IntriCon Corporation (NASDAQ:IIN), a medical equipment company based in United States, led the NasdaqGM gainers with a relatively large price hike in the past couple of weeks. As a small cap stock, which tends to lack high analyst coverage, there is generally more of an opportunity for mispricing as there is less activity to push the stock closer to fair value. Is there still an opportunity here to buy? Let’s examine IntriCon’s valuation and outlook in more detail to determine if there’s still a bargain opportunity. View out our latest analysis for IntriCon

What’s the opportunity in IntriCon?

According to my valuation model, the stock is currently overvalued by about 51.75%, trading at US$41.70 compared to my intrinsic value of $27.48. This means that the buying opportunity has probably disappeared for now. Furthermore, IntriCon’s share price also seems relatively stable compared to the rest of the market, as indicated by its low beta. If you believe the share price should eventually reach its true value, a low beta could suggest it is unlikely to rapidly do so anytime soon, and once it’s there, it may be hard to fall back down into an attractive buying range.

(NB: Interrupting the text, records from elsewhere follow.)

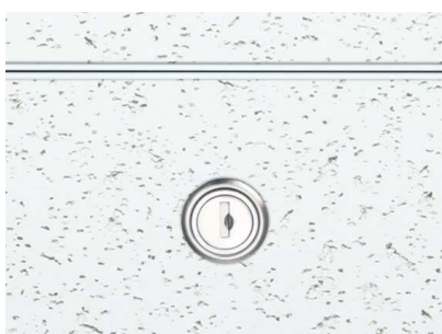
WA (ホワイトアルマイト)
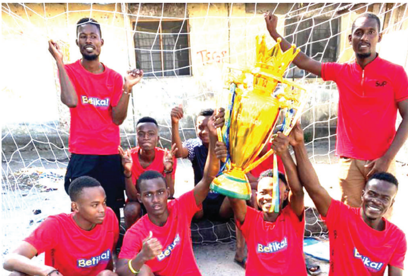
Wachezaji wa Espanyola wakiwa na kikombe cha ubingwa wa Ligi ya Betika Sodo baada ya kuutwaa wiki hii.
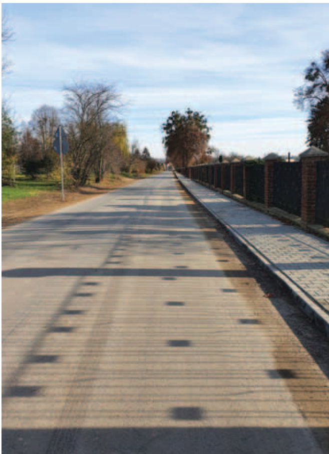
Przebudowa drogi gminnej w miejscowości Krzczonów, ul. Partyzantów Wartość ogółem: 714 535,82 zł Dotacja: 357 267,00 zł Długość odcinka: 1,229 km
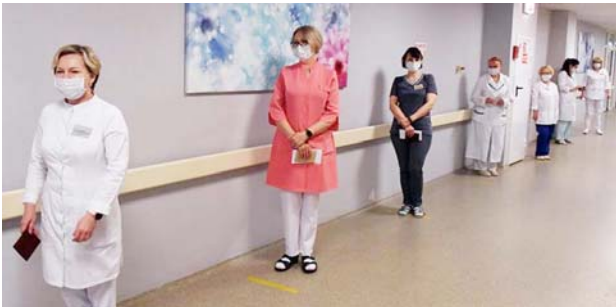
रुम में कानून में संशोधन के लिए वक्तार में लगे हुए विधिविदय कर्मचारी।

निर्देश आरंभ है। नेपाली सरकार के लिए हिंदी भाषा को बैन करना आसान नहीं होगा। वता है कि नेपाली के बाद इस हिमालय देश में सबसे ज्यादा मैथिली, भोजपुरी और हिंदी बोली जाती है। नेपाल के तराई क्षेत्र में रहने वाली ज्यादातर आबादी भारतीय भाषाओं का ही प्रयोग करती है। ऐसी स्थिति में अगर नेपाल में हिंदी को बैन करने के लिए कानून लाया जाता है तो तराई क्षेत्र में सख्खा विरोध
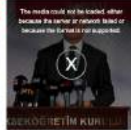
YÖK Başkanı Özkant Profesör mesajlarında tezvirik herşey 10 bin lirasay

21 Eylül 2022 - 00:00 | Gündem | İNTERNETLEME 21 Eylül 2022 - 00:00
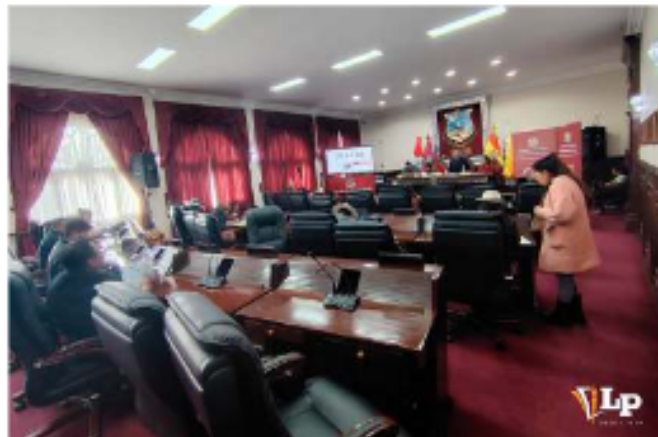
La ALDO tendrá nuevas autoridades a inicio de mayo

en la primera vuelta, la fuerza mayoritaria en la asamblea departamental será la Alianza Jacha, que contará con 14 de los 33 asambleístas. Con el triunfo en Sajama este domingo, la Alianza Oruro Avanza (AORA) mantiene cinco representantes.
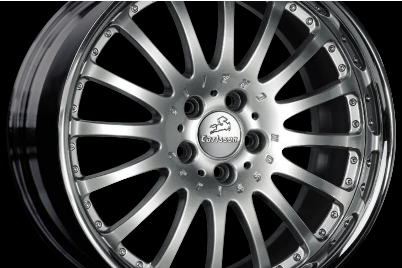
Aluminiumrad 2/16 Brilliant Edition (erhältlich in 19" und 20") Aluminium wheel 2/16 Brilliant Edition (available in 19" and 20")
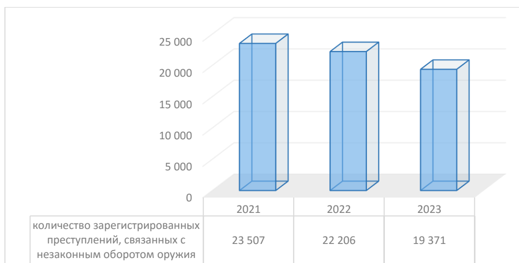
Рис. 1. Количество зарегистрированных преступлений в сфере незаконного оборота оружия, в России в 2021–2023 гг.

Одновременно на протяжении трех лет сокращалось число выявленных лиц, совершивших данные преступления. Так, в 2021 г. выявлено 11 048 лиц (-6%), в 2022 г. – 9 943 (-10%) в 2023 г. – 8943 (-10,1%). За 9 месяцев 2024 г. выявлено 6777 лиц, совершивших преступления, что также меньше показателя за аналогичный период предыдущего года на 12,4%. Таким образом, темпы выявления лиц, совершивших преступления в сфере незаконного оборота оружия, еще больше снижаются (среднее снижение три года – 8,7 %). По преступлениям, уголовные дела о которых окончены расследованием либо разрешены в отчетном периоде, темпы снижения примерно сопоставимы с приведенными выше показателями.
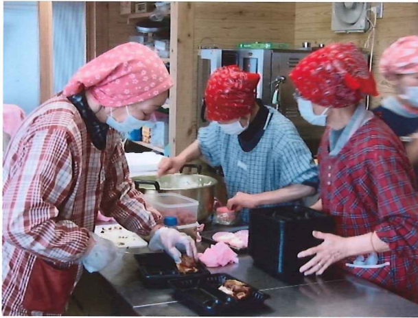
お弁当づくりに励むワタママたちの
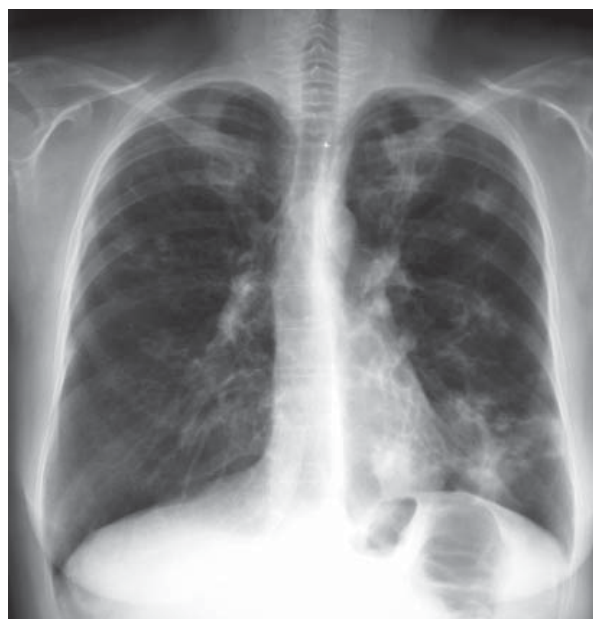
Rycina 1. Radiogram klatki piersiowej

Z wydzieliny oskrzelowej wyhodowano Pseudomonas aeruginosa — szczep wytwarzający \beta -laktamazy o rozszerzonym spektrum działania (ESBL,
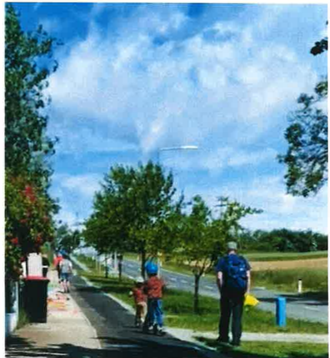
Der bestehende Radweg vom Ort in die Neue Siedlung soll bis nach Neufeld weitergeführt werden.

Der bestehende Radweg soll als Rad- und Gehweg bis Neufeld weitergeführt werden. Die Pläne liegen bereits vor und sollen gemeinsam mit verkehrsberuhigenden Maßnahmen entlang der Landesstraße in der Neuen Siedlung umgesetzt werden. Dieser Rad- und Gehweg stellt eine Verbindung mit dem Radnetz des Landes, aber auch eine Anbindung an den Bahnhof Neufeld dar. Wir hoffen auf eine positive Bewertung seitens der Mobilitätszentrale und des Landes und werden bei Neuigkeiten sofort berichten.
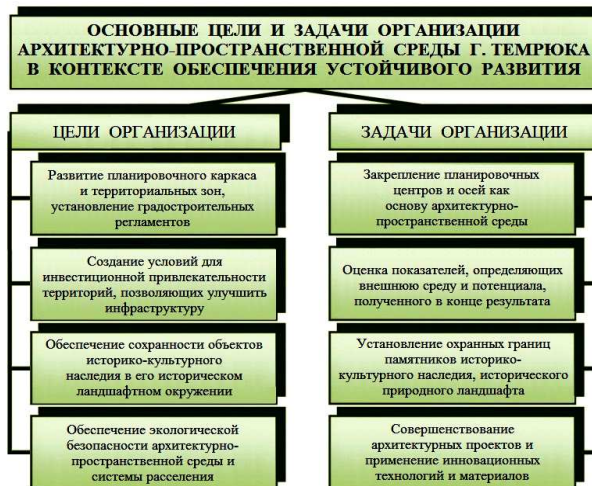
Рисунок 7 – Основные цели и задачи организации архитектурно-пространственной среды г. Темрюка в контексте обеспечения устойчивого развития
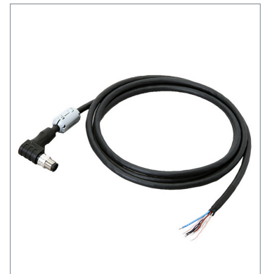
I/O Cable (Super Bend Resistant)
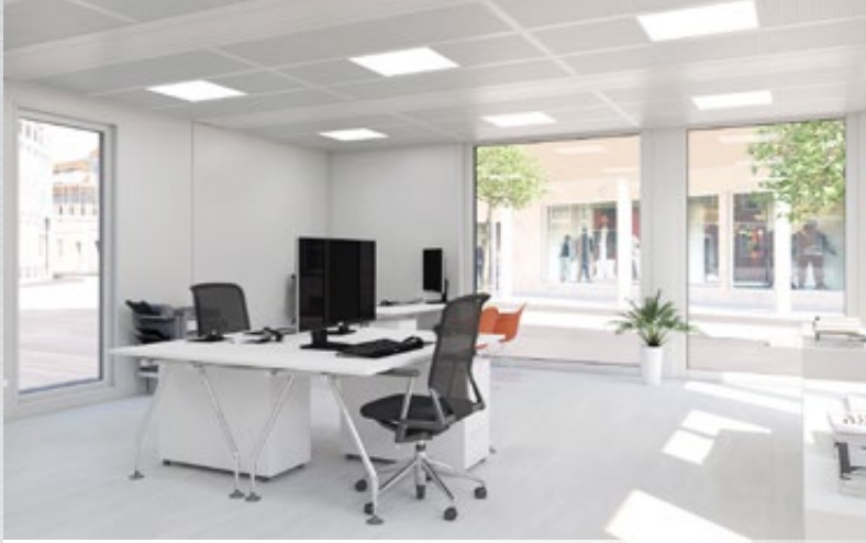
→ Helle Räume dank Vollverglasung
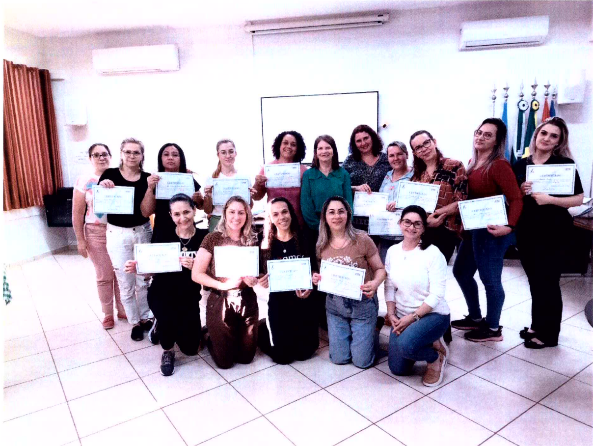
Imagem 3: Curso de formação dos profissionais da entidade.
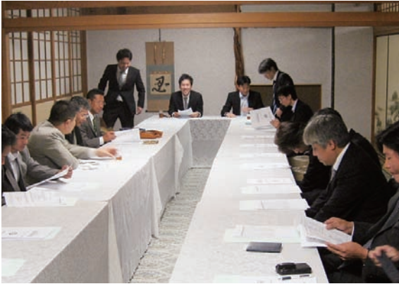
総会の様子。いつもと違う緊張感が漂うなかで慎重審議。
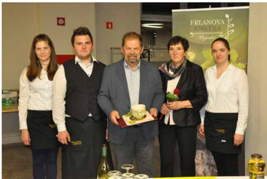
Družina s Frlanove kmetije vključno z bodočo nevesto

načrtujejo popestritev turistične ponudbe z izgradnjo sob za goste, kar bo še dodatno pripomoglo k prepoznavnosti našega kraja in občine ter jih uvršča med pomembne dejavnike pri razvoju kmetijstva, gospodarstva in turizma v Vipavski dolini.«

What kind of growth will IntriCon generate?

NasdaqGM:IIN Future Profit June 26th 18
NasdaqGM:IIN Future Profit June 26th 18

Investors looking for growth in their portfolio may want to consider the prospects of a company before buying its shares. Although value investors would argue that it’s the intrinsic value relative to the price that matter the most, a more compelling investment thesis would be high growth potential at a cheap price. With profit expected to more than double over the next couple of years, the future seems bright for IntriCon. It looks like higher cash flows is on the cards for the stock, which should feed into a higher share valuation.

What this means for you:

Are you a shareholder? It seems like the market has well and truly priced in IIN’s positive outlook, with shares trading above its fair value. At this current price, shareholders may be asking a different question – should I sell? If you believe IIN should trade below its current price, selling high and buying it back up again when its price falls towards its real value can be profitable. But before you make this decision, take a look at whether its fundamentals have changed.

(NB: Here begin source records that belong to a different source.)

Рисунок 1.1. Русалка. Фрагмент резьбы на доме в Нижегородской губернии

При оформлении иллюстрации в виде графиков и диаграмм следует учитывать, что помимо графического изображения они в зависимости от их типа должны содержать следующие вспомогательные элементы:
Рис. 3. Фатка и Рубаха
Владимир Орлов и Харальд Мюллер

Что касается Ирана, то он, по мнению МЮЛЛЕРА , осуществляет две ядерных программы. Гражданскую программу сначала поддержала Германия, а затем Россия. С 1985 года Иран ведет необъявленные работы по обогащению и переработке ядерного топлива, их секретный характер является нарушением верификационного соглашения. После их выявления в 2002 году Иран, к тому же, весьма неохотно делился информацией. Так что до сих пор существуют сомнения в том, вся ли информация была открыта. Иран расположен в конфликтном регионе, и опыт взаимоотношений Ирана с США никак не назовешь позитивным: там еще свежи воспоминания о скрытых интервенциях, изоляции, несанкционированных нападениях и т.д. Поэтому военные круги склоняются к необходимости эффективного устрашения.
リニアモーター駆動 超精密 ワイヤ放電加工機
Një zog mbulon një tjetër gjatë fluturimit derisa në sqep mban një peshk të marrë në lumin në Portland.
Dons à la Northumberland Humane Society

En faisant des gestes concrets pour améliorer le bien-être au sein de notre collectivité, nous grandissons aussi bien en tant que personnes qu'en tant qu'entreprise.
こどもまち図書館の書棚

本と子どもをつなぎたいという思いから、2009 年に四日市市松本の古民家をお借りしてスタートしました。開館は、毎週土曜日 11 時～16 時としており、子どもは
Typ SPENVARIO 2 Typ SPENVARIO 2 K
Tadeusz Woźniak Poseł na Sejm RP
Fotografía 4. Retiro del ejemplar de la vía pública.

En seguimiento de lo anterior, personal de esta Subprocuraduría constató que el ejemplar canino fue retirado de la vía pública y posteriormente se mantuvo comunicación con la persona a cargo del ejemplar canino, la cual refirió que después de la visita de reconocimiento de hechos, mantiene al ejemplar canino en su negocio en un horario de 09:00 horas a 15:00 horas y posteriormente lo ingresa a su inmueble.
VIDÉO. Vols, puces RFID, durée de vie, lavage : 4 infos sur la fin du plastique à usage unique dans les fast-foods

Are you a potential investor? If you’ve been keeping an eye on IIN for a while, now may not be the best time to enter into the stock. The price has surpassed its true value, which means there’s no upside from mispricing. However, the optimistic prospect is encouraging for IIN, which means it’s worth diving deeper into other factors in order to take advantage of the next price drop.

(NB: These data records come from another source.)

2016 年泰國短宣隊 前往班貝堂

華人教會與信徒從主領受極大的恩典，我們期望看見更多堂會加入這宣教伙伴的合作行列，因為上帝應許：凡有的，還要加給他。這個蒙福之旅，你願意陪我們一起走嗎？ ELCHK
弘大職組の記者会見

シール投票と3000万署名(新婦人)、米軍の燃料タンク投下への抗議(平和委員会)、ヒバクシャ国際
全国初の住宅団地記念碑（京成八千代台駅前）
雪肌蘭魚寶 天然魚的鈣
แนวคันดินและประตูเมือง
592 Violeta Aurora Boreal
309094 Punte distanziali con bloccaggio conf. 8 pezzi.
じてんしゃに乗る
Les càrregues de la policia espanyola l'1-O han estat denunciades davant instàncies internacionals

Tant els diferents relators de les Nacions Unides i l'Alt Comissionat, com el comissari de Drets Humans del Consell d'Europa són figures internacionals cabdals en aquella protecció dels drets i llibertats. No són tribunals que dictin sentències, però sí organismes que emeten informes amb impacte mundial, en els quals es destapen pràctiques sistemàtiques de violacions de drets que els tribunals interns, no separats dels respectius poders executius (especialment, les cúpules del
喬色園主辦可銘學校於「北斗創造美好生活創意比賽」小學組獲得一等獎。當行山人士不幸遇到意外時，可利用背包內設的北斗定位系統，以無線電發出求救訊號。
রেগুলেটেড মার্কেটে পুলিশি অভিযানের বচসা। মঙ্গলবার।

Price is just the tip of the iceberg. Dig deeper into what truly matters – the fundamentals – before you make a decision on IntriCon. You can find everything you need to know about IntriCon in the latest infographic research report. If you are no longer interested in IntriCon, you can use our free platform to see my list of over 50 other stocks with a high growth potential.


To help readers see pass the short term volatility of the financial market, we aim to bring you a long-term focused research analysis purely driven by fundamental data. Note that our analysis does not factor in the latest price sensitive company announcements.

The author is an independent contributor and at the time of publication had no position in the stocks mentioned.